In April, the EEOC finally issued a proposed rule applying the ADA to wellness programs (see Timothy Jost’s excellent summary on Health Affairs Blog). The rule embraced the HIPAA/ACA approach to incentives, limiting incentives for wellness programs including disability-related inquiries or medical examinations to 30 percent of the total cost of employee-only coverage.
Continuing Questions On Incentives
The EEOC’s approach is broadly consistent with the ACA’s support for incentive-based wellness programs, but is not perfectly aligned with the ACA. For example, the ADA’s limit is more restrictive than the ACA’s because it applies to rewards for HRA completion, while the ACA’s does not. The ADA’s limit is less restrictive, however, in that the ADA’s limit applies only to programs involving disability-related inquiries or medical examinations, while the ACA’s limit applies to all health-contingent wellness programs. As a result, incentives awarded based on responses to questions about tobacco use are subject only to the ACA’s 50 percent limit, while those based on biometric testing results are subject to the ADA’s 30 percent limit as well.
Does it make sense to define voluntariness based on a limit chosen because it was deemed to be not too heavy a penalty in the context of insurance coverage? Perhaps, although note that incentives reaching the 30 percent limit (or even the previous 20 percent limit) would equal or exceed many employees’ contributions toward health insurance premiums, and the absolute amounts involved would seem large to many people. But even so, an exploration of the theoretical relationship between incentives and coercion yields little insight about where to draw the line.
In the preamble to the proposed rule, the EEOC asks whether it should instead tie limits to the ACA’s definition of insurance affordability, which in 2015 is set at 9.56 percent of employee household income.

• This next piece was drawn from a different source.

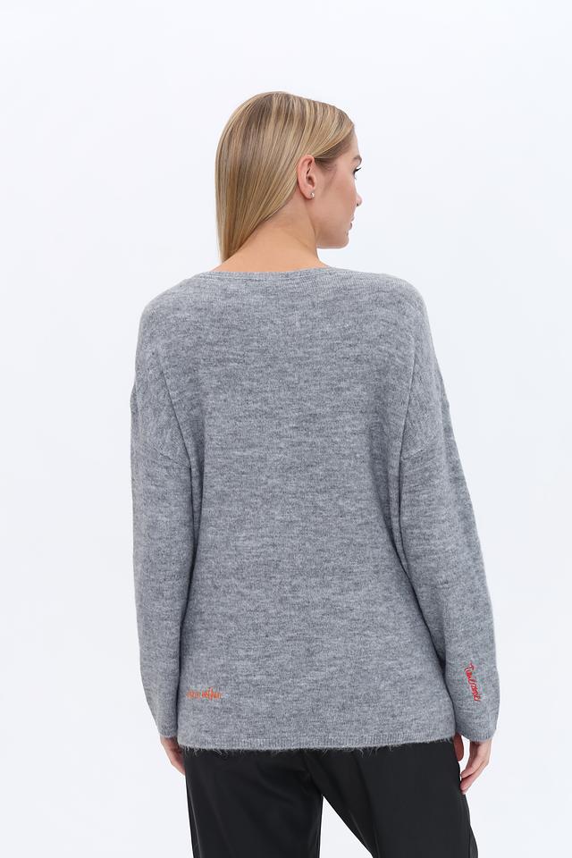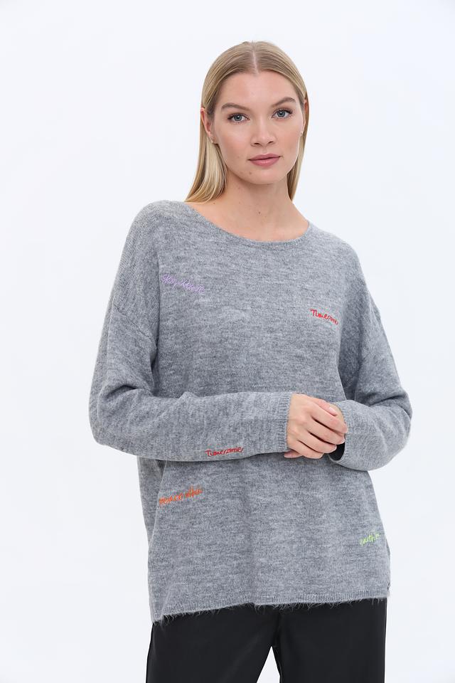 Пуловер имеет свободный крой, который не сковывает движений и позволяет создать расслабленный образ. Серый цвет легко сочетается с другими элементами одежды, а яркая вышивка добавляет индивидуальности.

An individual-specific approach has some intuitive appeal, although it is not clear how it would be implemented. The rule’s brief discussion suggests that a medical exam would be deemed coercive if associated incentives would render coverage unaffordable.
But what are the implications of this approach? Would low-income employees be shielded from exam-related incentives structured as penalties, but nevertheless be eligible for rewards? If so, this is an odd result, given that penalties can be transformed into economically equivalent rewards. Or would low-income employees automatically be deemed to earn all incentives necessary to ensure affordability? A more theoretically appealing approach might be to base an entire incentive program on income, but employees might protest visible differentials in rewards and penalties.

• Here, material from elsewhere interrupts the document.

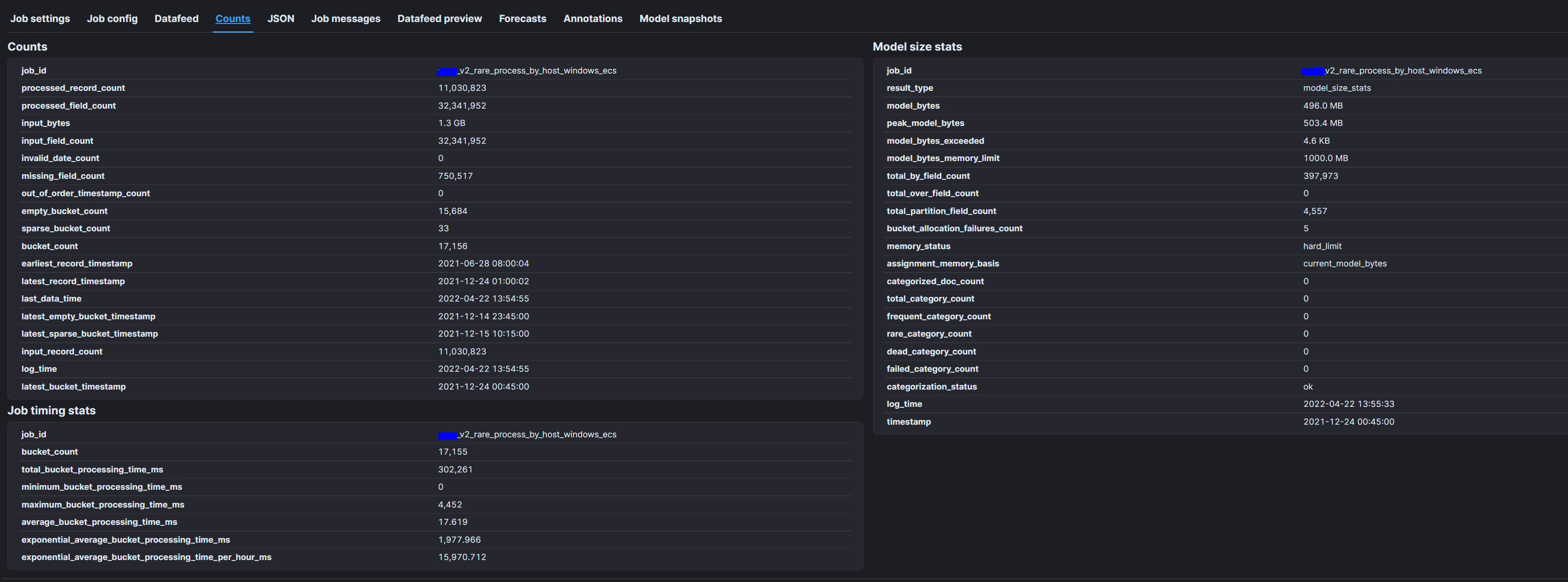 rare by "process.name" is misleading syntax rare("process.name") would give a better intuition. (The reasons for this being configured like this are lost to the sands of time.) In fact, for memory purposes rare by "process.name" is much lighter weight than say count by process name. It summarises bucket counts containing each distinct process.name rather than trying to model them each as a time series. Where as a time series model might be 10-20KB this might be 10-20B (once you take into account other bookkeeping state). However, we generally advise against doing rare by "process.name" on some astronomically high cardinality field: rare is generally meaningless for such data.

Does it make sense to sweep biometric tests related to nicotine within the 30 percent limit? On one hand, the exam is as intrusive as any other involving the same procedure. On the other hand, one might argue that 50 percent does not surpass any obvious voluntariness threshold, and policy makers have repeatedly treated smoking differently from other health-related issues.

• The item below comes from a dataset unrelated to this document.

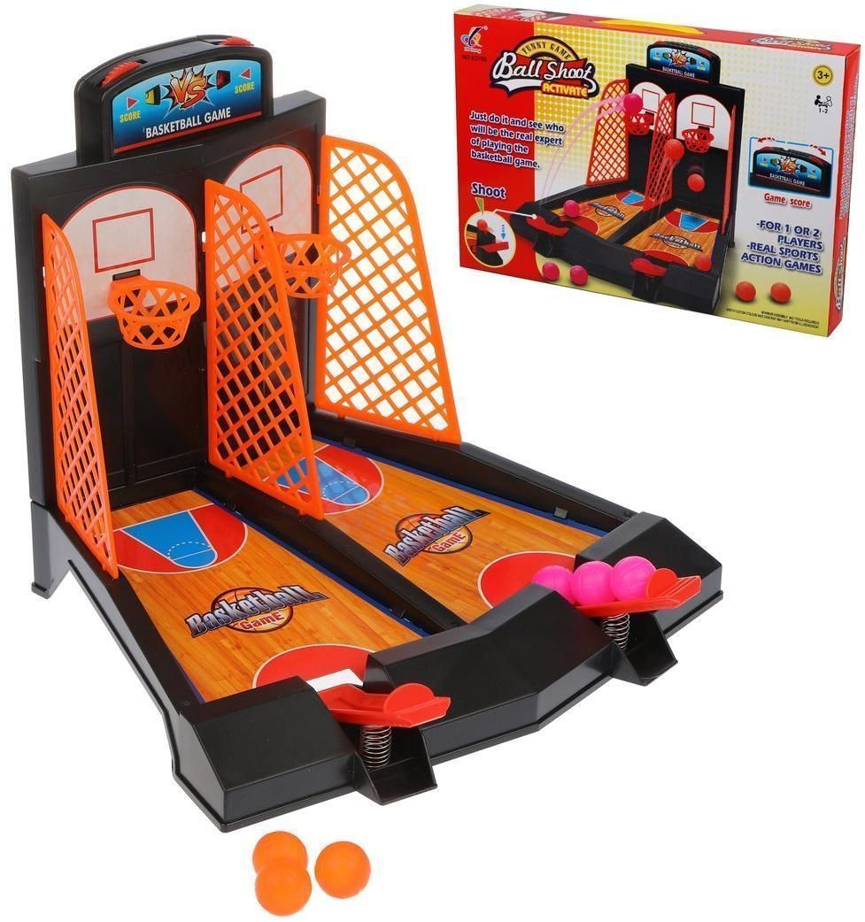 Настольная игра «Баскетбол» обязательно понравится каждому юному спортсмену и поможет ему потренировать ловкость, меткость, сноровку и координацию движений! Игра рассчитана двух игроков, которые смогут устроить настоящие соревнования друг с другом! Набор включает: игровое поле-основание с двумя катапультами размером (ДхШ) 22х27 см, щит высотой 17,5 см, 2 кольца, 3 ограждения и 6 мячей (2 цвета) диаметром 1,5 см.

Examples include the differential ACA incentive limit; the ACA’s premium rules, which allow insurers to charge individuals 50 percent more for tobacco use but not for other health factors; and the aforementioned ACA affordability rules, which determine affordability based on rates charged to non-tobacco users, even for smokers who must pay more under wellness programs.
It is unclear how much impact the proposed rule’s incentive limits would have in the near future, as many current programs likely fall well below these limits. But the proposed incentive rule and other issues, including the ADA’s and GINA’s implications for wellness programs extending to family members, remain under discussion. The EEOC is accepting comments through June 19, 2015.